July 13, 2005 | David F. Coppedge

Astrobiologists Search for Lefty Life in Chile

The title isn’t meant to imply Chile is dead or devoid of left-handers.  Instead, it announces that astrobiologists are practicing life detection strategies in the high deserts of that South American country, according to Astrobiology Magazine.  Chile’s Atacama desert is one of the driest places on earth, with almost no signs of life.  NASA scientists have developed an instrument with a sure-fire way to separate the quick and the dead: “Life is left-handed,” announces the title, referring to the left-handed amino acids that make up earth life.  The scientists are convinced that finding one-handed polymers would clinch the evidence for life: “We feel that measuring homochirality – a prevalence of one type of handedness over another – would be absolute proof of life,” said Richard Mathies of UC Berkeley.
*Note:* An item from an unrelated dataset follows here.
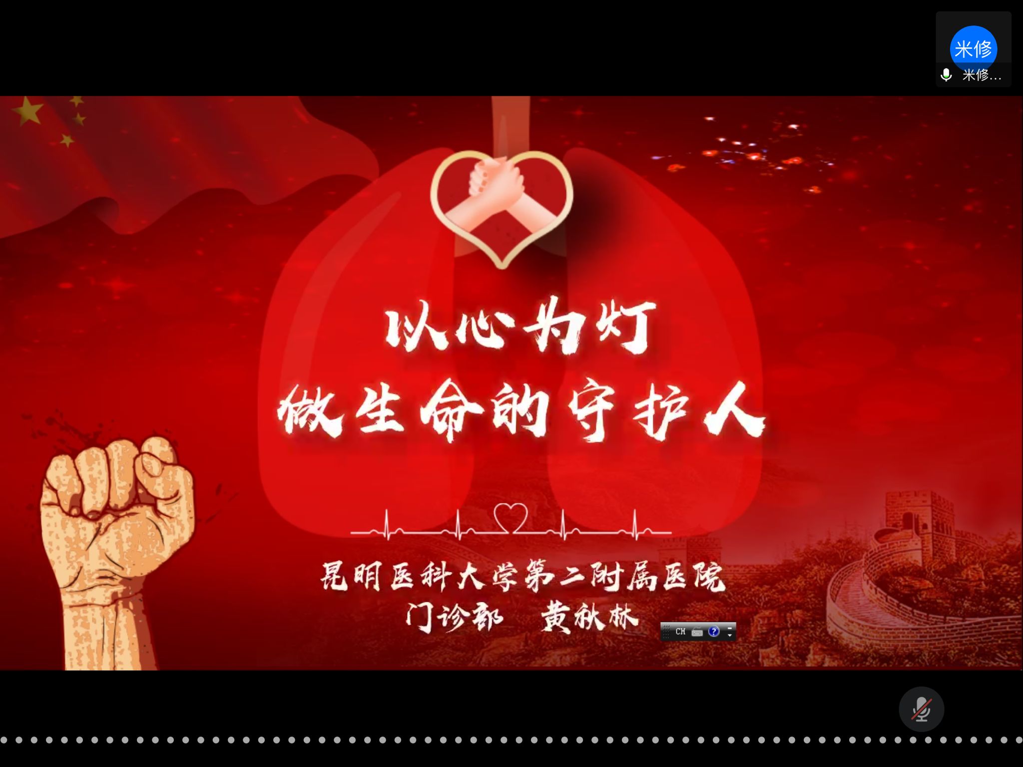 获得云南省卫健委嘉奖及三等功奖励的云南省第一批援鄂医疗队队员、医院护理组副组长黄秋林护师用“以心为灯,做生命的守护人”为主题,讲述了云南医护团队抵达湖北后争分抢秒做培训,第一时间进入到重症病房的经历。云南医护人员克服语言障碍,积极做好患者的医护和心理疏导工作,最终得到了患者的支持与感谢,也圆满完成了工作任务。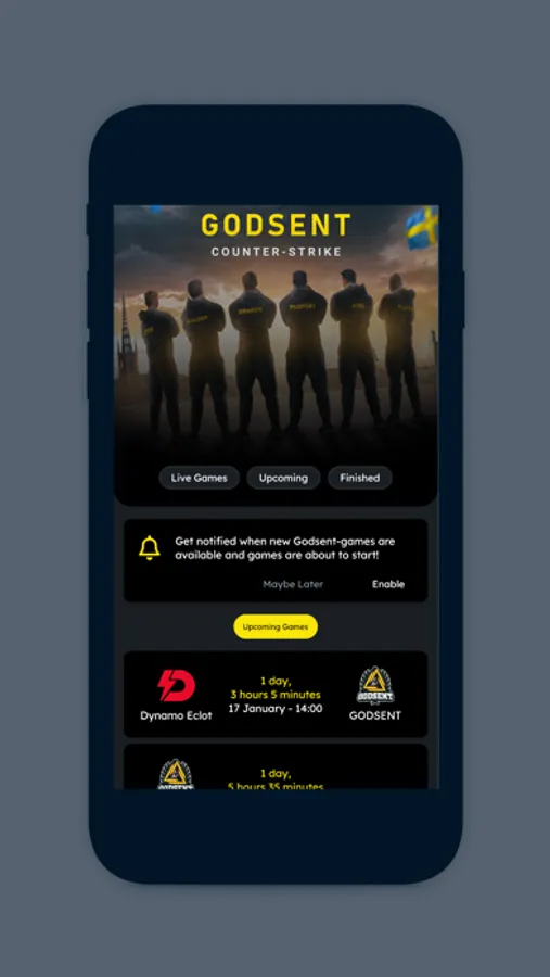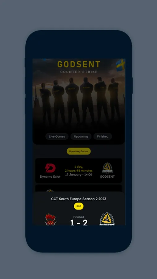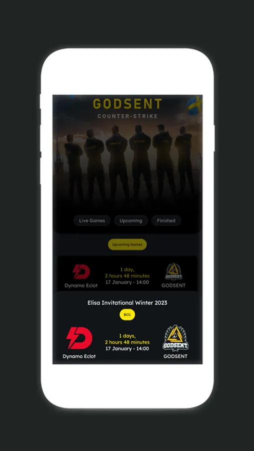 Keep up to date on upcoming and previous CS:GO games for the Swedish esport power-house; Godsent.

It’s nice to hear naturalistic biologists admit that homochirality separates life from nonlife.  Now they need to explain how it got that way: see the problem explained in our online book, Ch. 3 and Ch. 4.  After a century since Pasteur discovered this property of the polymers in living things, it remains one of the major stumblingblocks for belief in chemical evolution.  Don’t let an astrobiologist get away with just assuming it happened somehow.  How, now, did we get a left-handed brown cow?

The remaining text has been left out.